At this point, I could say that the hardest problems were solved. All we needed to do was to separate the patch into another file so that the original files stayed intact for later updates with the main repo. We added a new mode for Redis Cluster since not every project was going to use cluster mode. We also created a proxy for Cluster and Normal mode to switch between these modes easily. The idea was simple, we created 2 separate classes. I.e: Invalidation and InvalidtionCluster. Then we created another class called InvalidationProxy that also shared the same interface with Invalidation and InvalidationCluster. The InvalidationProxy held Invalidation and InvalidationCluster. Then, we changed the code from using the Invalidation class to using the InvalidationProxy class. Now, every time we invoke a function from a proxy, the proxy class will determine which function to call based on our configuration. Let’s check the code for a closer look.

class InvalidationProxy:
  def __init__(self):
    if settings.CLUSTER_ENABLED:
      self.invalidation_obj = InvalidationCluster()
    else:
      self.invalidation_obj = Invalidation()
  
  def invalidate(self, key):
    self.invalidation_obj.invalidate(key)

Finally, we added some more extensions and enhancements like key prefix, key TTL configuration, etc., fixed the unit tests and we were set to go!

Drawbacks

Removing the Lua script made our django-cacheops non-atomic which potentially creates lots of race condition situations. However, during the monitoring, we found that these race conditions do happen but don’t impact our cache results that much. Let’s tackle these race conditions:

  1. Delete and then Insert/Update. The result of the race condition is that the deleted key will be created. It then pollutes the keyspace with these orphan keys. Since we are setting the TTL for each Redis key very small, usually 60 - 120s. These orphan keys will be automatically wiped out after 1-2 minutes.
  2. Update/Insert and then Delete. We will lose the cached data. However, we don’t usually delete our database records, especially around those big enough that Cacheops is needed. Hence, this situation will be relatively rare to happen. If it does, all we need is to wait for another query and cache the result. Our queries are heavy, but not so heavy that they kill our database just because a few caches were missed.
  3. Dirty writes/reads. This scenario happens when 2 updates or inserts happen at the same time, leading to one of the operators being replaced by the other. Right now we don’t have a solution for this. We accept this is our drawback and reduce the TTL for the keys. So that if the dirty write happens, it will stay for a short period.

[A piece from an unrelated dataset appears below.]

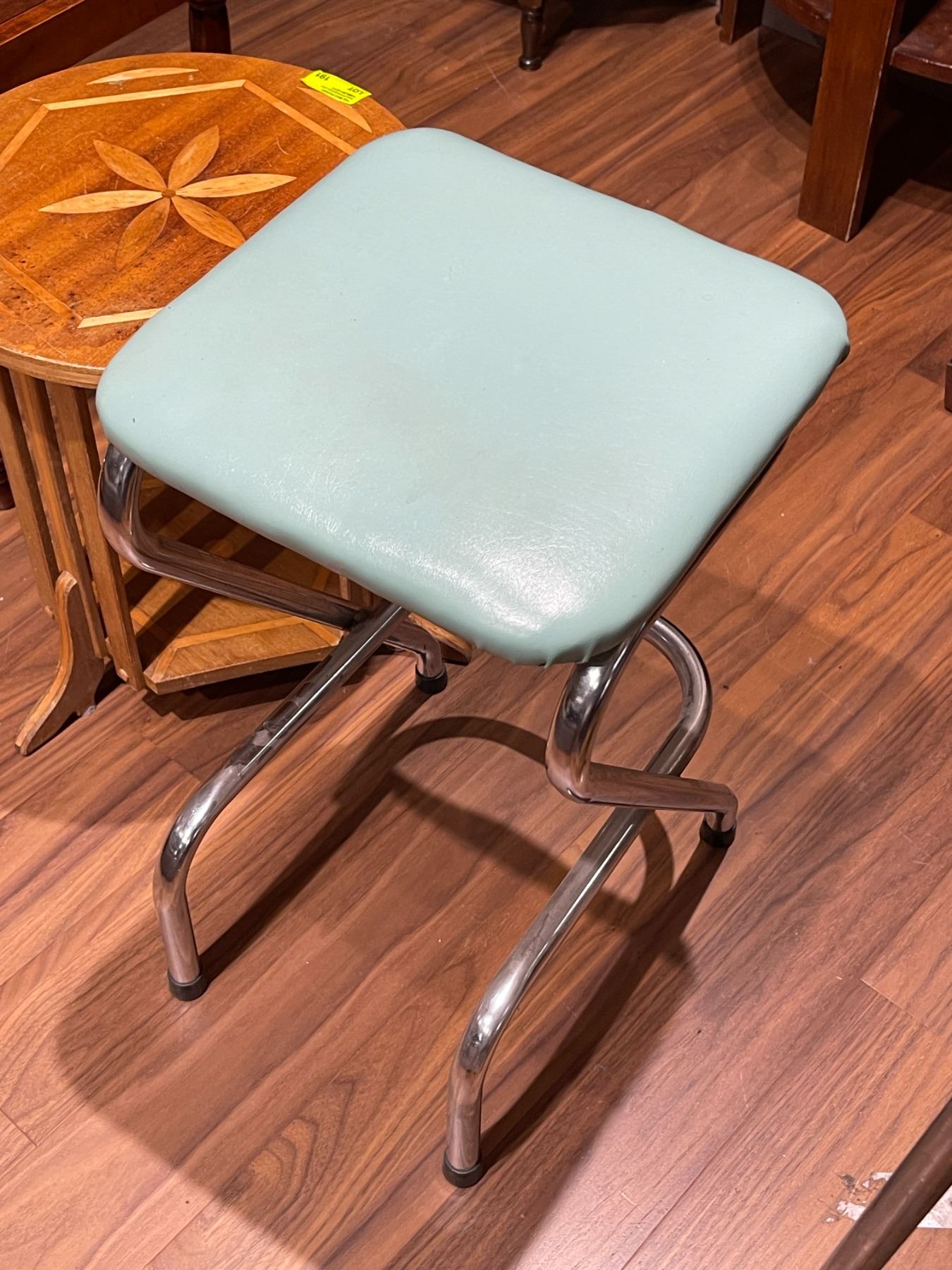 Vintage Z-style stool featuring a chrome frame and blue vinyl seat. Dimensions are 12-Inch length, 12-Inch width, and 21.5-Inch height. Chrome frame showcases a retro aesthetic with a padded blue vinyl seat for comfort. Item is as pictured.

Did we try to fix the race condition? Yes, we tried to implement the Redlock and tons of other locks to improve our distributed locking performance. The result wasn’t critically improved. Therefore, we concluded that it was not our algorithm but rather the lock mechanism itself that hurt the performance.

Conclusion

Our solution is serving its purpose well. Although there are still many drawbacks and room for improvement. We tried to create a PR to contribute to our work but sadly, it was rejected because our tweak has a different philosophy from the owner’s. We were willing to have dirty data as a trade-off for better performance and the owner preferred the opposite. However, shortly after that, the maintainer announced that he would add the support for Redis cluster. The package would soon replace our work but we did learn lots of things throughout the implementation. Hope this article will help you somehow and someway.